Source data:
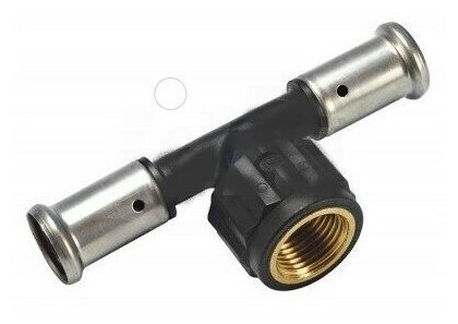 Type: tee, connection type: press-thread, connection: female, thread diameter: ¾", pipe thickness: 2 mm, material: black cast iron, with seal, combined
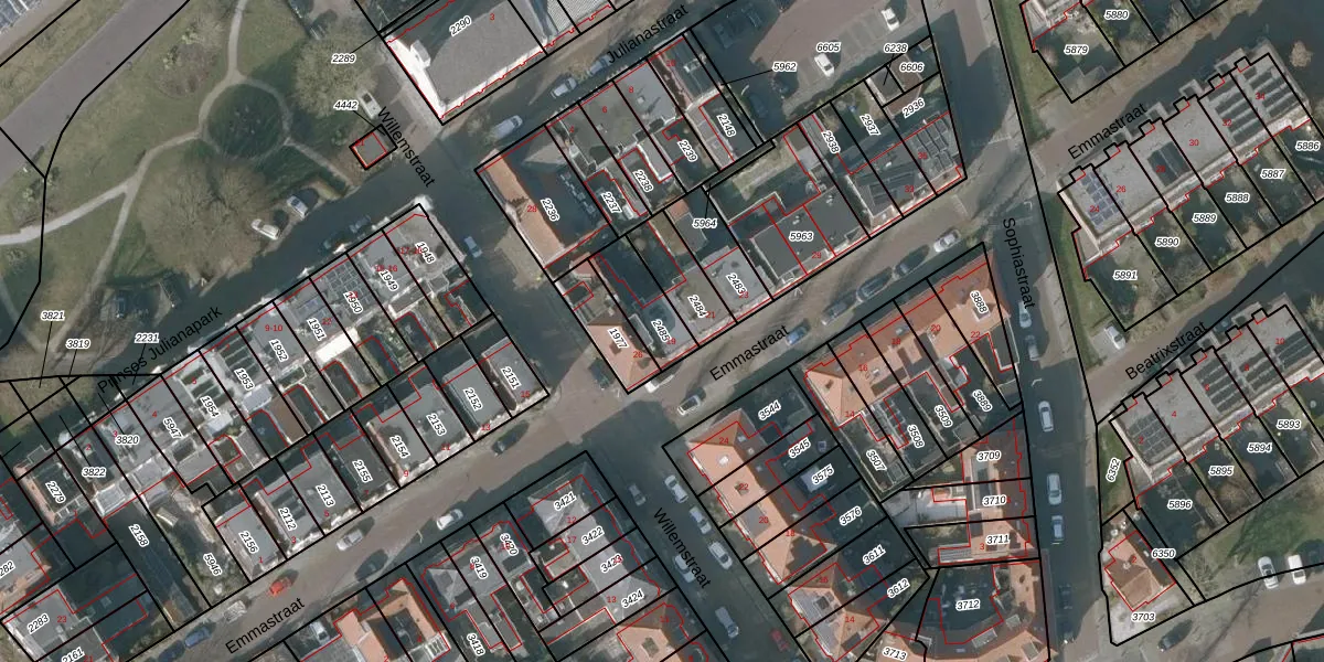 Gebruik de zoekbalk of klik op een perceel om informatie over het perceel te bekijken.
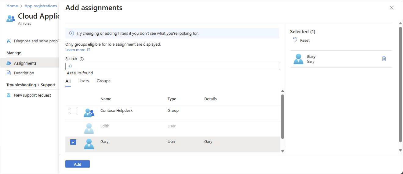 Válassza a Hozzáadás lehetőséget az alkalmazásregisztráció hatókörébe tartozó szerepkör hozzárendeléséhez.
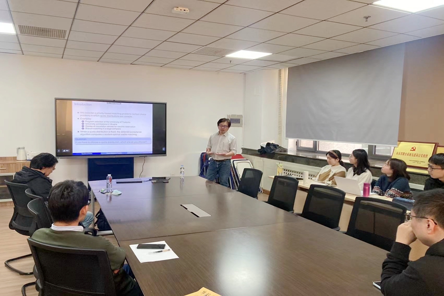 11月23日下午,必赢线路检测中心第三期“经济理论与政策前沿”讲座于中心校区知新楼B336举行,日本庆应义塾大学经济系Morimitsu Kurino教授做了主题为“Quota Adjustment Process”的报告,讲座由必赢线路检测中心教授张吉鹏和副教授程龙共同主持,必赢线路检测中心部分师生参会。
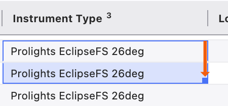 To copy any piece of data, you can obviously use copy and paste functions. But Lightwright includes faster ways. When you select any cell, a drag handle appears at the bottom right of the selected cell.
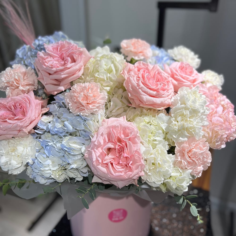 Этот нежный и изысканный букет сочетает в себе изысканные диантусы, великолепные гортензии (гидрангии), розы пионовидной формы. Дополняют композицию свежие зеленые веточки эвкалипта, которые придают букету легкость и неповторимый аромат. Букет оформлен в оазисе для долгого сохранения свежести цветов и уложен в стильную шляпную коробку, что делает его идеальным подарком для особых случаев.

Problem requirements: In the copy, include every record exactly and no pictures at all.

The completed task:
 Type: tee, connection type: press-thread, connection: female, thread diameter: ¾", pipe thickness: 2 mm, material: black cast iron, with seal, combined
 Gebruik de zoekbalk of klik op een perceel om informatie over het perceel te bekijken.
 Válassza a Hozzáadás lehetőséget az alkalmazásregisztráció hatókörébe tartozó szerepkör hozzárendeléséhez.
 11月23日下午,必赢线路检测中心第三期“经济理论与政策前沿”讲座于中心校区知新楼B336举行,日本庆应义塾大学经济系Morimitsu Kurino教授做了主题为“Quota Adjustment Process”的报告,讲座由必赢线路检测中心教授张吉鹏和副教授程龙共同主持,必赢线路检测中心部分师生参会。
 To copy any piece of data, you can obviously use copy and paste functions. But Lightwright includes faster ways. When you select any cell, a drag handle appears at the bottom right of the selected cell.
 Этот нежный и изысканный букет сочетает в себе изысканные диантусы, великолепные гортензии (гидрангии), розы пионовидной формы. Дополняют композицию свежие зеленые веточки эвкалипта, которые придают букету легкость и неповторимый аромат. Букет оформлен в оазисе для долгого сохранения свежести цветов и уложен в стильную шляпную коробку, что делает его идеальным подарком для особых случаев.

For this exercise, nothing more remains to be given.